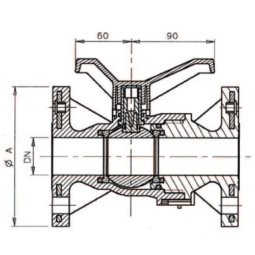 - Flansch-Kugelhahn, 2-teilig, Baulänge nach DIN 558-1, Grundreihe 1
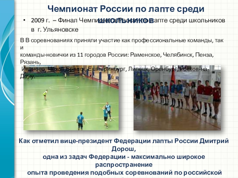 Как отметил вице-президент Федерации лапты России Дмитрий Дорош,
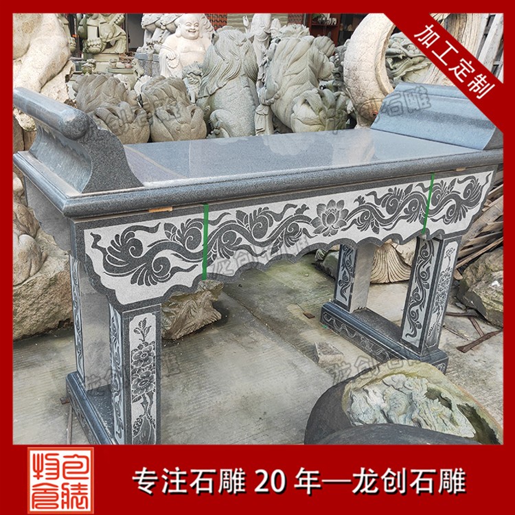 雕刻技法豐富:石雕供桌的制作運用了多種雕刻技法。浮雕是其中常見的一種,通過在供桌表面雕刻出凸起的圖案,可以表現出花卉、人物、瑞獸等各種元素。比如在桌面邊緣雕刻精美的花卉浮雕,牡丹象征富貴,蓮花代表高潔,這些浮雕不僅增加了供桌的美觀度,還賦予了其文化內涵。透雕技法則常用于供桌的腿部或其他裝飾部分,使圖案具有通透感,增加了藝術層次感。例如,將腿部雕刻成帶有吉祥瑞獸造型的透雕,瑞獸形態逼真,仿佛在守護供桌。圓雕也會應用在一些供桌上的獨立裝飾擺件上,如小型的佛像、獅子等,這些圓雕作品立體感強,栩栩如生。
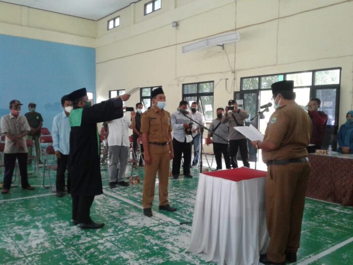 Pelantikan PJS Kepala Desa Pusakaratu dilaksanakan di aula Kantor Kecamatan Pusakanagara, rabu (14/07/2021)
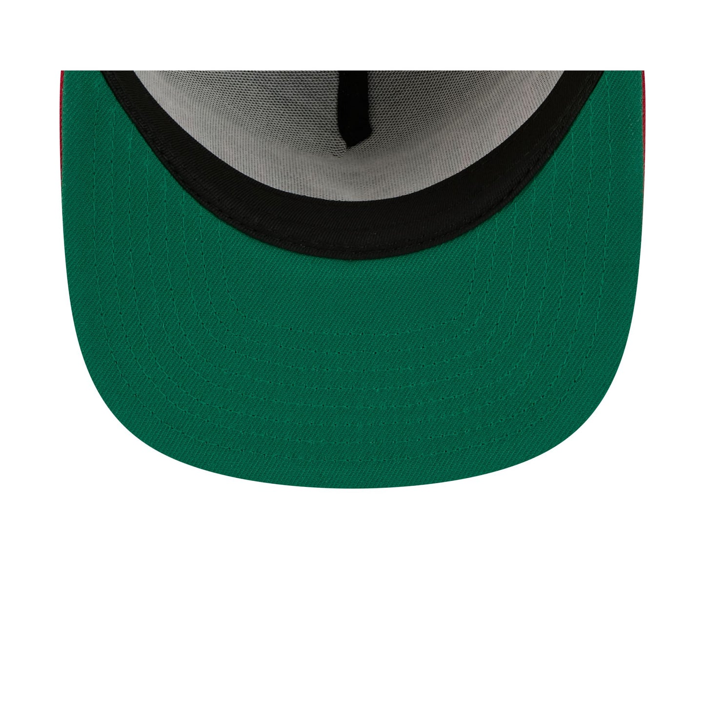 The Boston Red Sox Summer Derby 59FIFTY A-Frame Fitted Cap features an embroidered Red Sox wordmark over team color stripes at the front panels with a matching MLB Batterman logo at the rear. Additional details include a 1999 All-Star Game patch at the right-wear side, a red visor, and a green undervisor.

·····

▸ Work instructions:
Once the pictures are set aside, give the listing again word for word.

▸ Result for this task:
 - Flansch-Kugelhahn, 2-teilig, Baulänge nach DIN 558-1, Grundreihe 1
 Как отметил вице-президент Федерации лапты России Дмитрий Дорош,
 雕刻技法豐富:石雕供桌的制作運用了多種雕刻技法。浮雕是其中常見的一種,通過在供桌表面雕刻出凸起的圖案,可以表現出花卉、人物、瑞獸等各種元素。比如在桌面邊緣雕刻精美的花卉浮雕,牡丹象征富貴,蓮花代表高潔,這些浮雕不僅增加了供桌的美觀度,還賦予了其文化內涵。透雕技法則常用于供桌的腿部或其他裝飾部分,使圖案具有通透感,增加了藝術層次感。例如,將腿部雕刻成帶有吉祥瑞獸造型的透雕,瑞獸形態逼真,仿佛在守護供桌。圓雕也會應用在一些供桌上的獨立裝飾擺件上,如小型的佛像、獅子等,這些圓雕作品立體感強,栩栩如生。
 Pelantikan PJS Kepala Desa Pusakaratu dilaksanakan di aula Kantor Kecamatan Pusakanagara, rabu (14/07/2021)
 The Boston Red Sox Summer Derby 59FIFTY A-Frame Fitted Cap features an embroidered Red Sox wordmark over team color stripes at the front panels with a matching MLB Batterman logo at the rear. Additional details include a 1999 All-Star Game patch at the right-wear side, a red visor, and a green undervisor.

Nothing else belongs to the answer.